For quantitative variables, the hypotheses will typically involve either the population mean or median.
For categorical variables with two categories for the response variable, the hypotheses will typically involve the population proportion (proportion in one of the two categories)
For investigating the relationship between two categorical variables, the hypotheses are often written in terms of an “association” between the two variables.
There are exceptions to the above guidelines, especially when more advanced analysis methods are used such as regression and Analysis of Variance

Step 5: Explore the sample data

There are a couple of reasons for exploring the sample data:

1) to get an idea of what decision might be made regarding the null hypothesis (“reject” the claim in the null hypothesis for the claim made in the alternative hypothesis or not)
2) to help assess whether “normal-theory” (i.e. “t-methods”) and/or bootstrap/randomization methods can be used

Note: if the variable of interest is quantitative, exploring the sample data can also help determine if the mean or median is more appropriate to use in the hypotheses and analysis

Step 6: Determine the p-value

We will focus on the most appropriate method to determine the best approximation for the p-value if the exact p-value cannot be determined. (In some analysis methods, such as with proportions, an exact p-value can be calculated. In most analysis methods, though, the best we can do is approximate the exact p-value.)

Step 7: Answer the question of interest

Note: a confidence interval for the population parameter can be constructed to support a conclusion.

If the problem is only an estimation problem:

Step 4: Explore the sample data

As with hypothesis test problems, we need to explore the sample data to help assess whether “normal-theory” (i.e. “t-methods”) and/or bootstrap methods can be used.
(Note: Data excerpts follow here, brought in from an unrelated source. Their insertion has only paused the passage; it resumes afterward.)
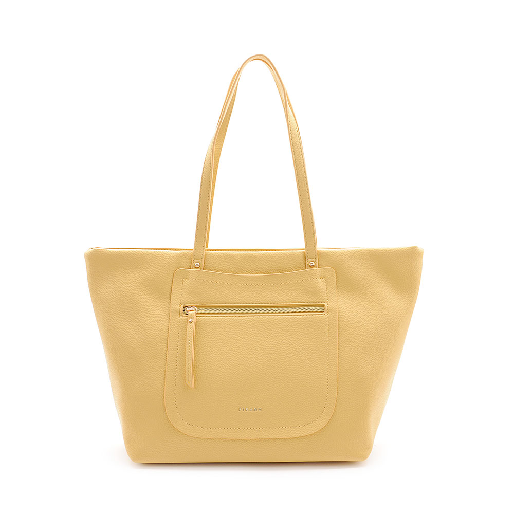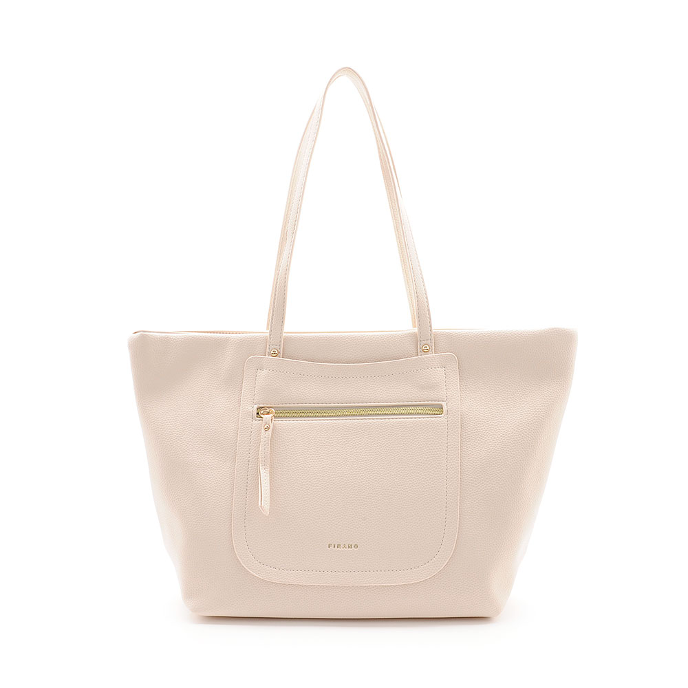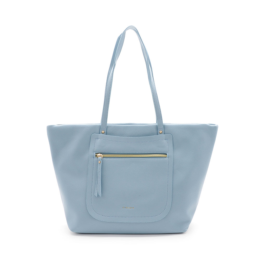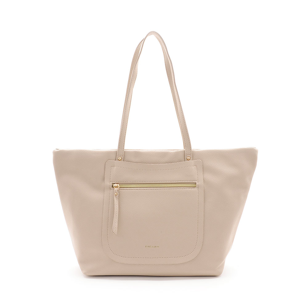 シンプルなデザインにビッグポケットが際立つトートバッグ。
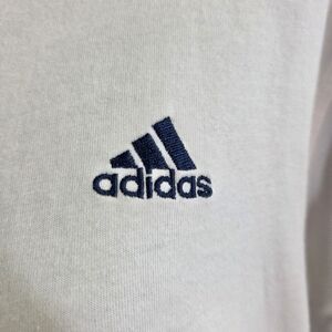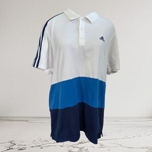 Stylish Adidas polo with a white base and bold blue stripes. Comfortable and versatile for any setting. Length 27" Bust 42" Sleeves 9"
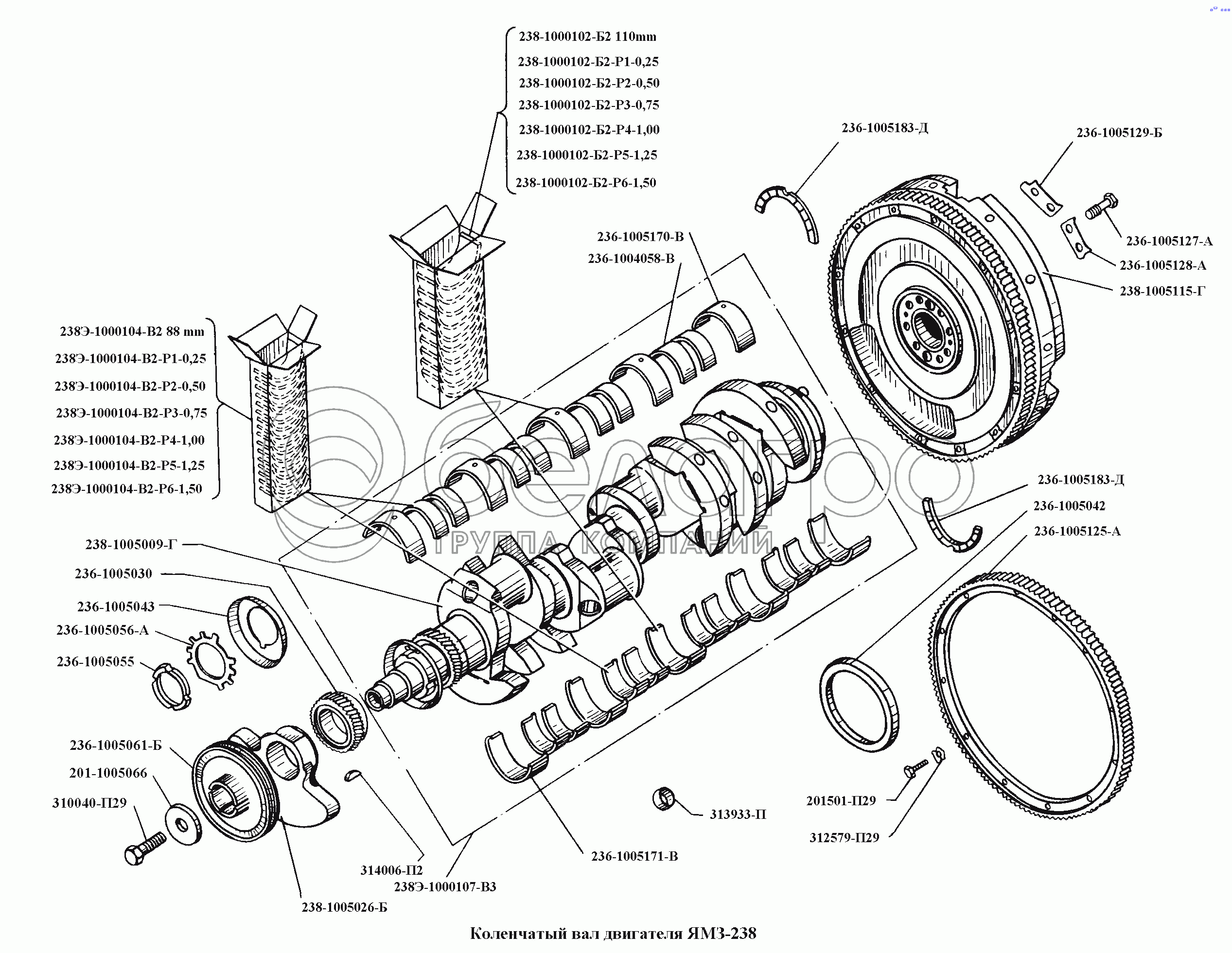 Каталог запасных частей к технике: ЯМЗ-236, -238, -238НБ. Коленчатый вал двигателя ЯМЗ-238
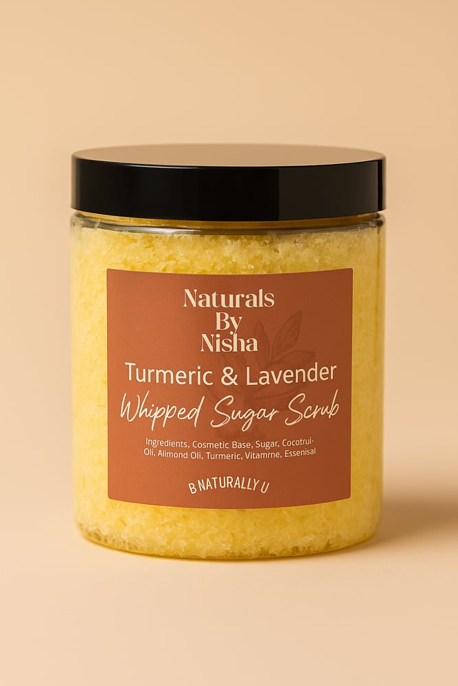 Glow on, sis. This creamy whipped scrub gently buffs away dull skin while the healing blend of turmeric and lavender calms inflammation and evens skin tone. Infused with nourishing coconut and almond oils, this exfoliant leaves your skin feeling smooth, radiant, and baby soft. Self-care just got soulful.
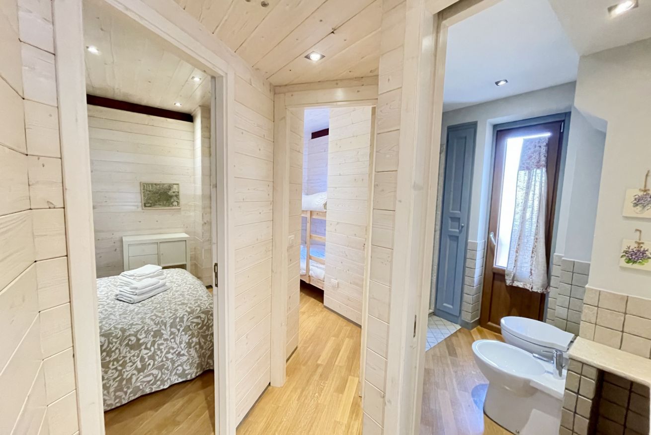 -Due camere da letto: una matrimoniale con grande armadio e una con letto a castello per due ospiti.
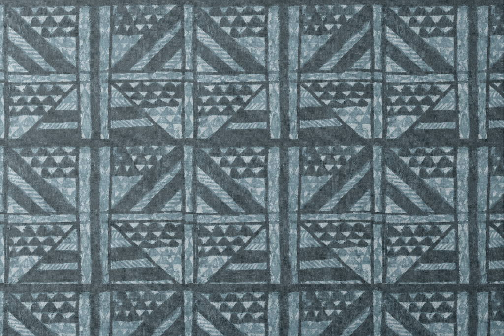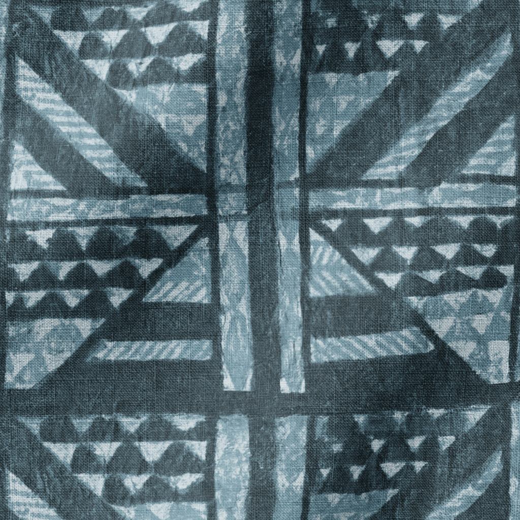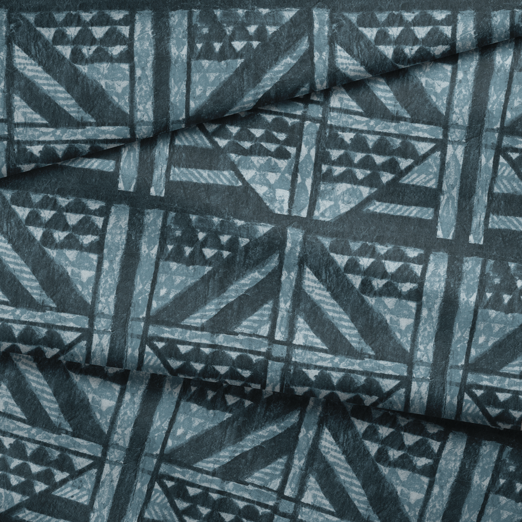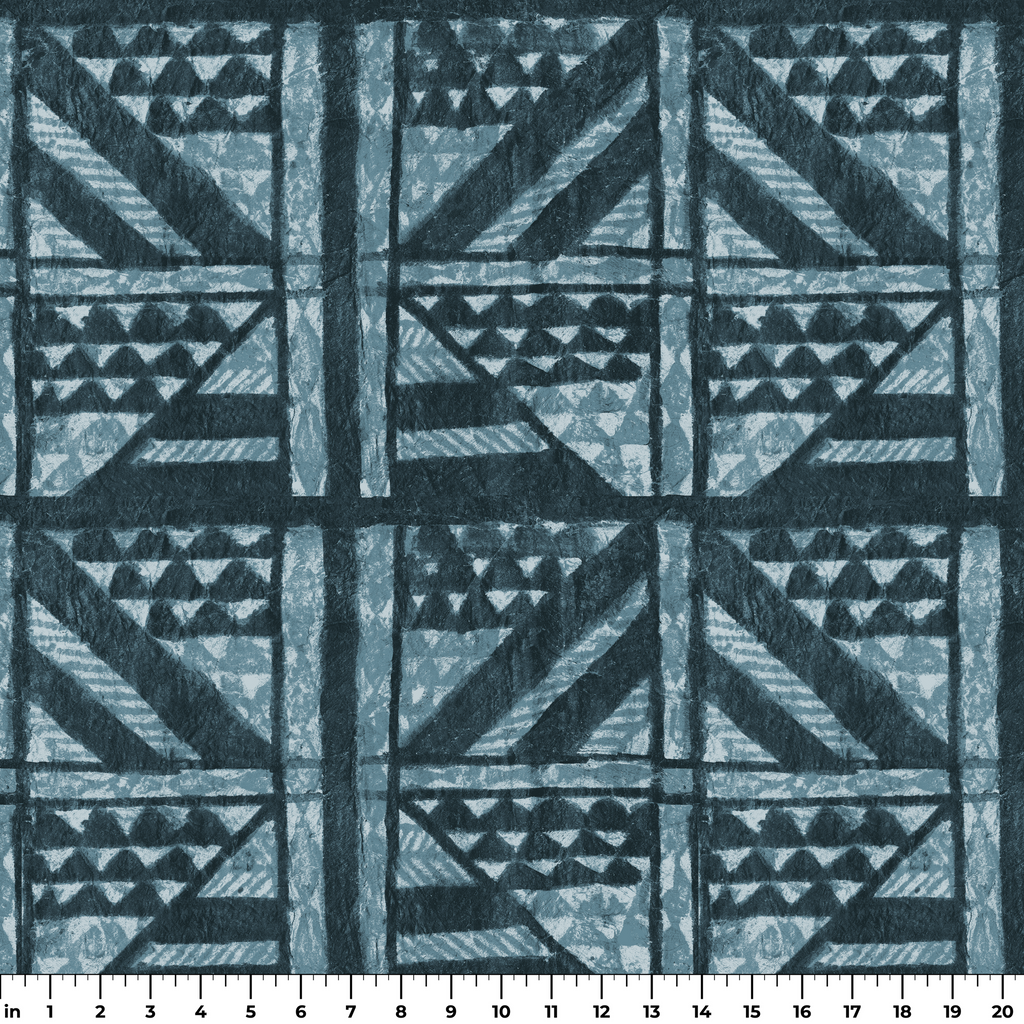 Dark and light blue geometric pattern featuring triangles, lines and traditional motifs in a symmetrical design. Perfect for a heritage-inspired space with a classic, sophisticated aesthetic.
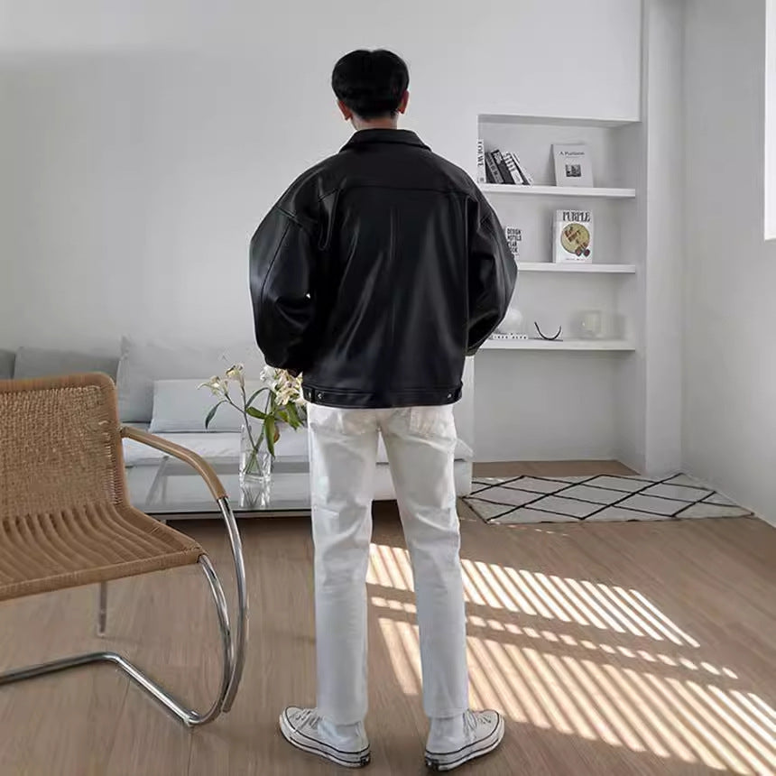 A sleek leather jacket combining the casual charm of a baseball uniform with the bold edge of motorcycle style. Designed for versatility and attitude, it’s the perfect blend of sporty and street-smart fashion.
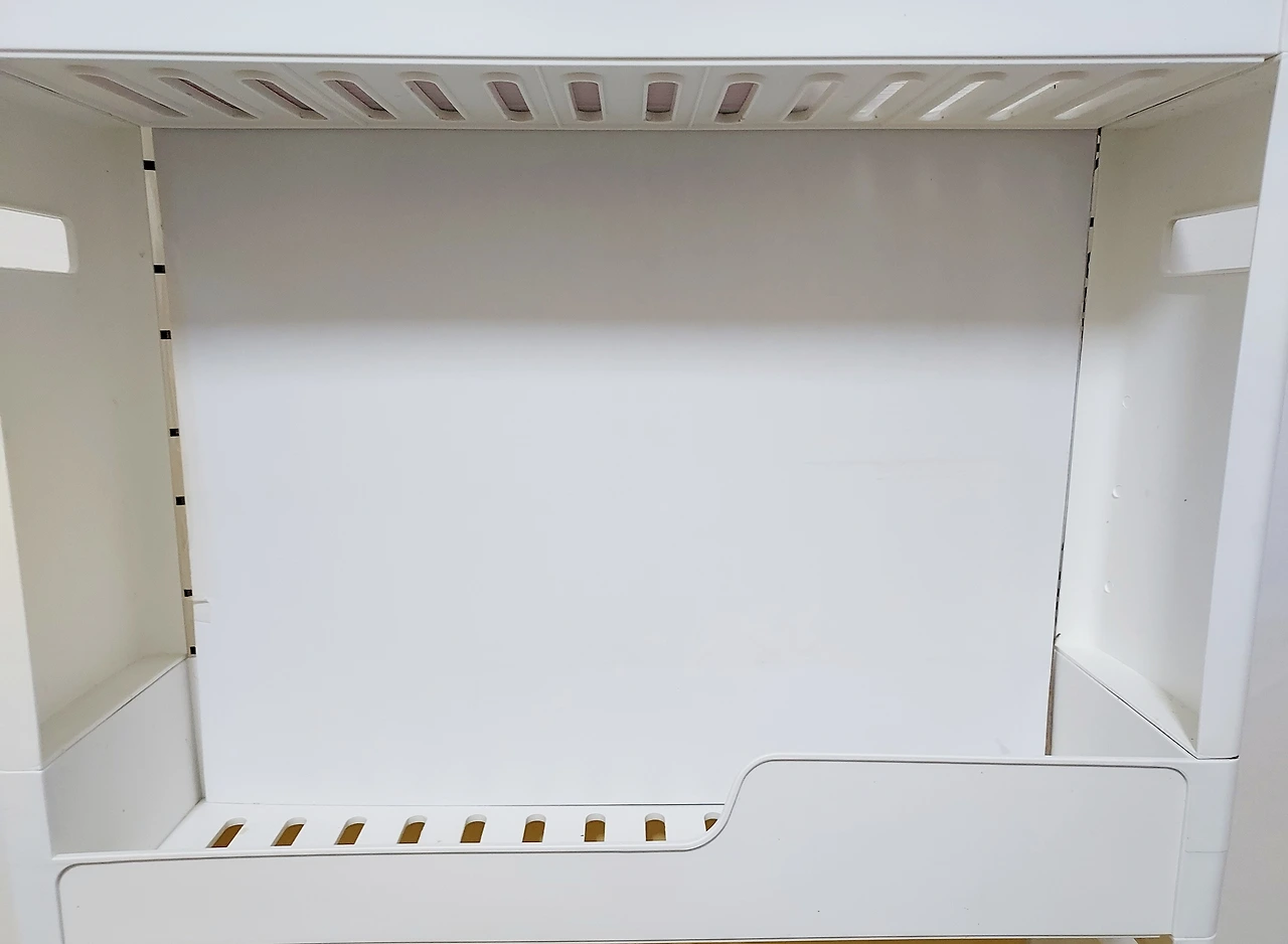 틈새수납장은 양쪽 모두 뚫려 있어 도마와 쟁반은 꺼내는 곳 반대쪽으로 물건이 넘어갈 수 있다. 이에 반대쪽에 튼튼한 하드보드지로 일종의 벽을 만들어 넘어가기 방지!
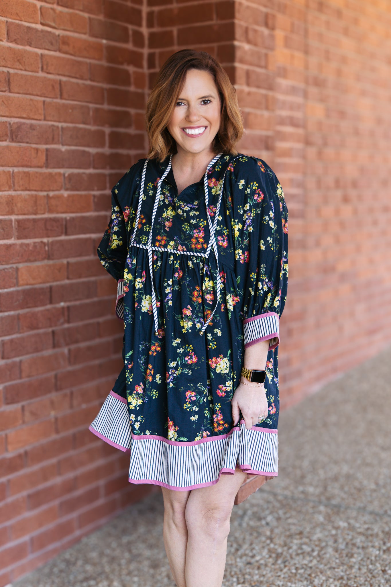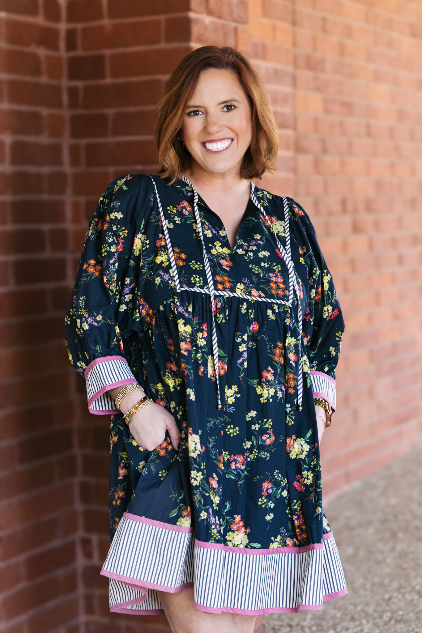 Curvy Mirna Botanical Print Midi Dress - Slate Blue

If the variable of interest is quantitative, exploring the sample data can also help determine if it is more appropriate to construct a confidence interval for the population mean or population median.

Step 5: Construct the appropriate confidence interval using the appropriate method

The “appropriate” method could be based on “normal-theory” (t-methods, for example) or bootstrap methods (using the “formula” method or “percentile” method)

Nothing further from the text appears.